In this Supplemental Prospectus, the "Bonds" collectively refers to the HAVI04 Bonds and the HAVI07 Bonds.
The Continued Listing of the Bonds is expected to commence on or around 8 July 2020.
THIS DOCUMENT IS A SUPPLEMENT TO THE LISTING PROSPECTUS FOR THE BONDS ALREADY ISSUED BY HAVILA SHIPPING AND DOES NOT CONSTITUTE AN OFFER OR SOLICITATION TO BUY, SUBSCRIBE OR SELL THE SECURITIES DESCRIBED HEREIN. NO SECURITIES ARE BEING OFFERED OR SOLD PURSUANT TO THIS PROSPECTUS IN ANY JURISDICTION.
Investing in the Company involves a high degree of risk. Prospective investors should read the entire Prospectus and this Supplemental Prospectus and, in particular, Section 2 "Risk factors" beginning on page 11 of the Prospectus when considering an investment in the Company.
Information in the Prospectus shall still apply unless and then only to the extent it has not been amended, supplemented or deleted by this Supplemental Prospectus. Please refer to "Important Information", beginning on page 2.

3 July 2020
This Supplemental Prospectus constitutes a supplement to the Prospectus. The information included herein is to be considered as an integral part of the Prospectus and (i) supersedes information originally contained in the Prospectus to the extent inconsistent with such information and (ii) supplements information originally contained in the Prospectus so that any statement contained therein will be deemed to be modified to the extent that a statement in this Supplemental Prospectus modifies such statement. This Supplemental Prospectus must be read together with the Prospectus and as part of the basis for any decision of investment in the Bonds. Unless explicitly stated otherwise, capitalised terms and expressions used herein shall have the meaning ascribed to such terms in the Prospectus, see Section 12 "Definitions and Glossary of Terms" of the Prospectus.
This Supplemental Prospectus is part of an EEA prospectus and has been prepared to comply with the Norwegian Securities Trading Act of 29 June 2007 no. 75 (as amended) (the "Norwegian Securities Trading Act") and related secondary legislation, including Regulation (EU) 2017/1129 of the European Parliament and of the Council of 14 June 2017 on the prospectus to be published when securities are offered to the public or admitted to trading on a regulated market, and repealing Directive 2014/71/EC1, as amended, and as implemented in Norway in accordance with Section 7-1 of the Norwegian Securities Trading Act (the "EU Prospectus Regulation"). This Supplemental Prospectus has been prepared solely in the English language.

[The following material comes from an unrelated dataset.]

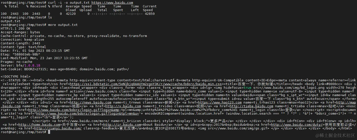 curl -i -o output.txt https://www.baidu.com

The Company has engaged Arctic Securities AS (the "Manager") as Manager in connection with the Restructuring and the Continued Listing.
The supplemental information contained herein is current as of the date hereof and subject to change, completion and amendment without notice. Neither the publication nor distribution of this Supplemental Prospectus shall under any circumstances create any implication that there has been no change in the Group's affairs subsequent to the date of the Prospectus (other than in respect of supplemental information provided herein or in other supplements to the Prospectus prepared in accordance with Article 23 of the EU Prospectus Regulation), or, in respect of the supplemental information set forth herein, subsequent to the date hereof, or that the supplemental information set forth herein is correct as of any date subsequent to the date hereof.

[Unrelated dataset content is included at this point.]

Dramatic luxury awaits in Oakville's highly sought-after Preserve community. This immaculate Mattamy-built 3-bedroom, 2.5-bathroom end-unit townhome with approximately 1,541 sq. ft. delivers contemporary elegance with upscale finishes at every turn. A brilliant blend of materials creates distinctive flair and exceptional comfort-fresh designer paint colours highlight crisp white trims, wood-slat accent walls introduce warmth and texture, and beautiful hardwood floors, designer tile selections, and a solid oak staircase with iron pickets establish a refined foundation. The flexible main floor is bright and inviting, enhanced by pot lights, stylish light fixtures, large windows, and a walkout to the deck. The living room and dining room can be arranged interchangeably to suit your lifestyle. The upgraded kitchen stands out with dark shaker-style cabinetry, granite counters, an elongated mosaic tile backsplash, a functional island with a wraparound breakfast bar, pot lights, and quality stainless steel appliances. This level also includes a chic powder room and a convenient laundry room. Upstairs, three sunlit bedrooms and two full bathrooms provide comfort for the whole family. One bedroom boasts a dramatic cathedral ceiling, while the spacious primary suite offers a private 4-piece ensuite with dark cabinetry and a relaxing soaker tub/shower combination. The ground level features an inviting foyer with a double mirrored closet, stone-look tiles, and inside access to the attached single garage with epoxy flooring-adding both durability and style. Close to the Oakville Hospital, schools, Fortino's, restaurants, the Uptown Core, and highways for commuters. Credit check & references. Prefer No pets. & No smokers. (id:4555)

Havila Shipping has furnished the information in this Supplemental Prospectus. All inquiries relating to this Supplemental Prospectus must be directed to Havila Shipping. No other person is authorised to give information or to make any representation in connection with the transactions described herein. If any such information is given or made, it must not be relied upon as having been authorised by Havila Shipping or by any of the employees, affiliates or advisers of any of the foregoing.
The distribution of this Supplemental Prospectus and the offer and sale of the Bonds in certain jurisdictions may be restricted by law. The Company and the Manager require persons in possession of this Prospectus to inform themselves about, and to observe, any such restrictions. This Supplemental Prospectus does not constitute an offer of, or an invitation to subscribe or purchase any securities in any jurisdiction. Furthermore, the restrictions and limitations listed and described herein are not exhaustive, and other restrictions and limitations in relation to the Supplemental Prospectus that are not known or identified by the Company and the Manager at the date hereof may apply in various jurisdictions as they relate to the Supplemental Prospectus. The Company has not registered the Bonds under the U.S. Securities Act or the securities laws of any other jurisdictions than Norway and the Company does not expect to do so in the future. The Bonds may not be offered or sold in the United States or to U.S. persons (as defined in Regulation S under the Securities Act), except for pursuant to an exemption from the registration requirements of the U.S. Securities Act and applicable state securities law, or pursuant to an effective registration statement.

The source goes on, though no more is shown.